James Daley: Why is privatisation such a dirty word? - Spend & Save - Money - The Independent

James Daley: Why is privatisation such a dirty word?

Walking through Waterloo station this morning, I was handed a flyer by someone campaigning against the privatisation of Royal Mail. Amongst its "10 reasons to SAY NO" was the rather rash and unsupported statement that it would "repeat the mistakes of privatisations in other industries".

For me, this was the point where the flyer lost all credibility. After all, while there have undoubtedly been mistakes in previous privatisations, I believe that most privatisations have turned out to be something of a success in the long-run. Competition in the phone market has meant we all now pay practically nothing for a landline. Electricity and gas prices were also driven down post-privatisation and while they have increased recently, regulators are now intervening to ensure that consumers continue to get a good deal.

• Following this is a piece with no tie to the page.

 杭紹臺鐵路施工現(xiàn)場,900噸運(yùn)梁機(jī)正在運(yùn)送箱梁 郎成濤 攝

Admittedly, there are industries, such as the railways, that are still some way from what you could call a success – but this does not mean that privatisation should be dismissed out of hand.

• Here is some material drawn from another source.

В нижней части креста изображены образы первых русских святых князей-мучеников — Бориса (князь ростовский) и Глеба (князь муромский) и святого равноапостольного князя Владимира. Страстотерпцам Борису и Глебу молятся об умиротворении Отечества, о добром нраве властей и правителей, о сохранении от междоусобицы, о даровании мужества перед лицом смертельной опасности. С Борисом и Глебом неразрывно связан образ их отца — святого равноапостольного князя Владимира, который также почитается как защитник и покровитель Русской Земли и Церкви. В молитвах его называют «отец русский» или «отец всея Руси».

When it comes to the postal service in Britain, it's hard to deny that there's a serious problem. It's no exaggeration when I say that roughly one in 10 packages that are sent to my flat never arrives. And if they've not been insured by the sender, there's nothing I can do about it. Furthermore, the post now rarely arrives before 4 or 5pm, and the local post-box is now only emptied once a day – rather than four or five times, as it used to be.

Ultimately, the Royal Mail needs billions of pounds worth of investment to restore its service to the level that we all expect – and this is money that the Government simply doesn't have at the moment. So why not allow the private sector to provide some of that investment, in return for a share of the profits?

I'm always disappointed that whenever economic times get tough in the UK, there's a lurch to the extreme left in public opinion. Next week, thousands of people are set to join an anti-capitalism march in the City of London to protest against our "greedy bankers". While a few days ago, Sir Fred Goodwin, the former RBS chief executive, had his house and car vandalised – no doubt by sympathisers to the anti-capitalist cause.

But all these people have benefited to a large degree from capitalism – which has helped generate wealth and pull more and more people out of poverty over the past few decades. Though inadequate regulation has meant that we are now suffering from a harder recession than we might have, this is all part of capitalism's development and evolution. Capitalism has evolved at a frightening rate over the past couple of centuries, and it is no wonder than we have not yet created a perfect system. Nevertheless, what the last two centuries have shown is that markets and competition can be used to the benefit of everyone – not just the richest in society.

If Royal Mail is privatised, it should be with the proviso that services must still be provided to every house in Britain, and that postal prices cannot be raised beyond a reasonable ceiling. If these kind of regulations are put in place, what is it that we have to fear? Surely standards can only get better.